Sulfur in wastewater can be transformed into valuable materials through a process known as sulfur recovery or sulfur recycling. This process involves the removal of sulfur compounds from the wastewater and the conversion of the sulfur into useful materials such as sulfuric acid, elemental sulfur, or fertilizers.
One person’s wastewater is another person’s treasure. A recent study from Stanford University lays the path for the mining of sewage for precious components used in batteries and fertilizers that eventually may power smartphones and airplanes.
The analysis, which was just published in ACS ES&T Engineering, shows how to improve electrical processes for converting sulfur pollution and may pave the way for a cost-effective, renewable energy-powered wastewater treatment system that produces potable water.
“We are always looking for ways to close the loop on chemical manufacturing processes,” said study senior author Will Tarpeh, an assistant professor of chemical engineering at Stanford. “Sulfur is a key elemental cycle with room for improvements in efficiently converting sulfur pollutants into products like fertilizer and battery components.”
A better solution
The focus on creating technology that turn wastewater into drinkable water has increased since fresh water supplies, particularly in dry countries, are becoming more scarce. Because they require so little energy, membrane technologies that filter wastewater in anaerobic or oxygen-free settings are particularly promising.
However, this process creates sulfide, which can be poisonous, corrosive, and odorous. Chemical oxidation or the employment of certain chemicals to turn the sulfur into separable particles are two solutions to the issue, but they can produce byproducts and trigger chemical reactions that erode pipes and make it more difficult to disinfect the water.
Sulfur is a key elemental cycle with room for improvements in efficiently converting sulfur pollutants into products like fertilizer and battery components.
Professor Will Tarpeh
The conversion of sulfide to compounds used in fertilizer and cathode material for lithium-sulfur batteries offers a tantalizing alternative for dealing with the sulfide output from anaerobic filtration, but the mechanics for doing so are currently poorly understood. As a result, Tarpeh and his colleagues set out to develop a practical strategy with no chemical consequences.
Focusing on electrochemical sulfur oxidation, which has a minimal energy input and allows for precise control of the final sulfur compounds, the researchers looked at this process. (Whereas some products, such as elemental sulfur, can deposit on electrodes and slow down chemical reactions, others, like sulfate, can be easily captured and reused.) If it worked well, the procedure might be modified to clean wastewater gathered from particular structures or entire cities and run on renewable energy.
The researchers evaluated the speeds of each phase of electrochemical sulfur oxidation as well as the kinds and amounts of products generated by making unique use of scanning electrochemical microscopy, a method that enables microscopic images of electrode surfaces while reactors are operating.
They identified the main chemical obstacles to sulfur recovery, such as electrode fouling and the most difficult-to-convert intermediates. Among other things, they discovered that altering operating factors, such the reactor voltage, could make low-energy sulfur recovery from wastewater easier.
The trade-offs between energy efficiency, sulfide removal, sulfate formation, and time were made clearer by these and other observations.
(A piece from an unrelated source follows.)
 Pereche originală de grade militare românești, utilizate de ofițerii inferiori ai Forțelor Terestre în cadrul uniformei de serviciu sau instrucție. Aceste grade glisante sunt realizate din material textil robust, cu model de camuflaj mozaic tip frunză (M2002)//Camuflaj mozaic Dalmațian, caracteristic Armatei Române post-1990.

Together, they provided a foundation for the development of electrochemical sulfide oxidation systems in the future that balance energy input, pollution removal, and resource recovery.
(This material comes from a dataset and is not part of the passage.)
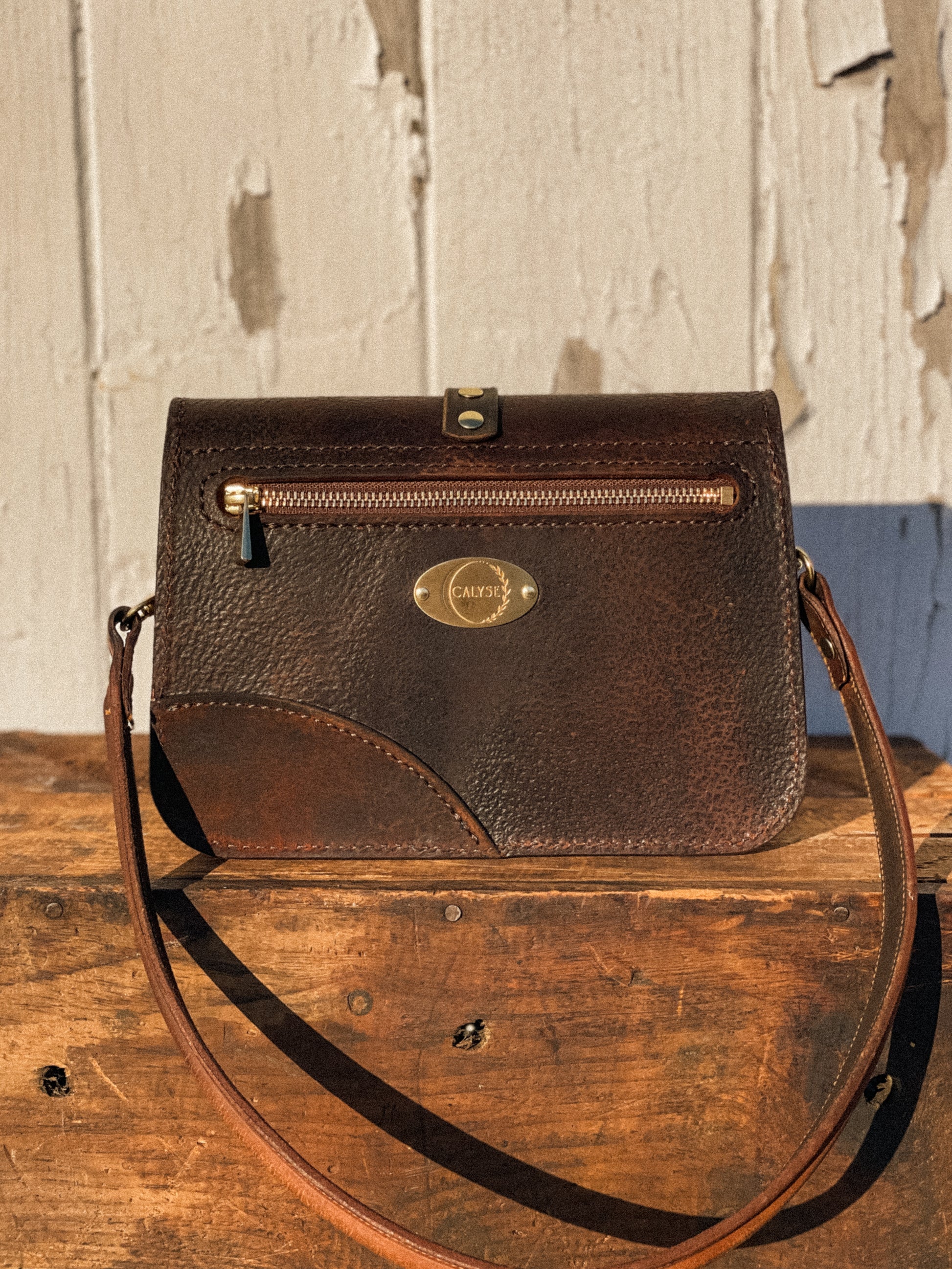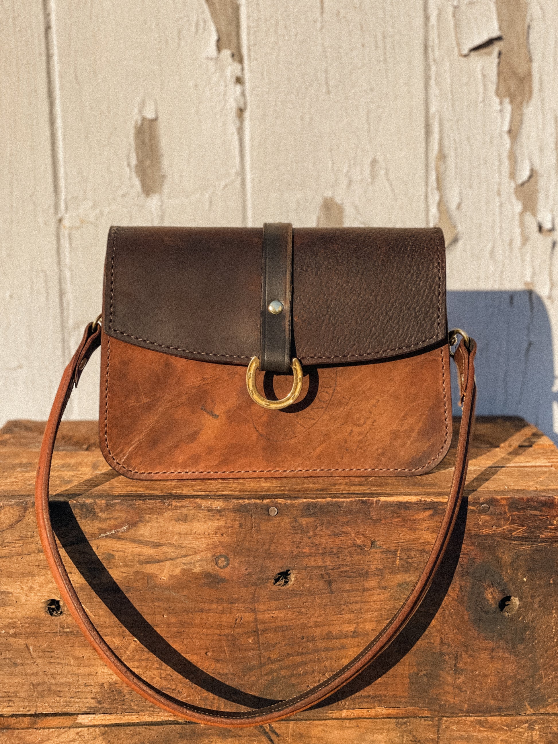 Kismet is charming and elegant with its petite size and sleek silhouette. Made from repurposed saddle leather this bag is structured and full of character. Featuring a vintage repurposed horse shoe adornment, magnetic snap closure, exterior zipper pocket interior pocket and shoulder strap. Edges are finished and sealed with beeswax for longevity. Solid brass hardware.

In the future, it may also be possible to combine the sulfur recovery technology with other methods, such as the recovery of nitrogen from sewage to create fertilizer made of ammonium sulfate.
The Codiga Resource Recovery Center, a pilot-scale treatment plant on Stanford’s campus, will likely play a large role in accelerating future design and implementation of these approaches.
“Hopefully, this study will help accelerate adoption of technology that mitigates pollution, recovers valuable resources and creates potable water all at the same time,” said study lead author Xiaohan Shao, a PhD student in civil and environmental engineering at Stanford.
Tarpeh is also an assistant professor (by courtesy) of civil and environmental engineering, a center fellow (by courtesy) of the Stanford Woods Institute for the Environment, an affiliated scholar with Stanford’s Program on Water, Health and Development, and a member of Stanford Bio-X.
Additional author Sydney Johnson was an undergraduate student in chemical engineering at Stanford at the time of the research.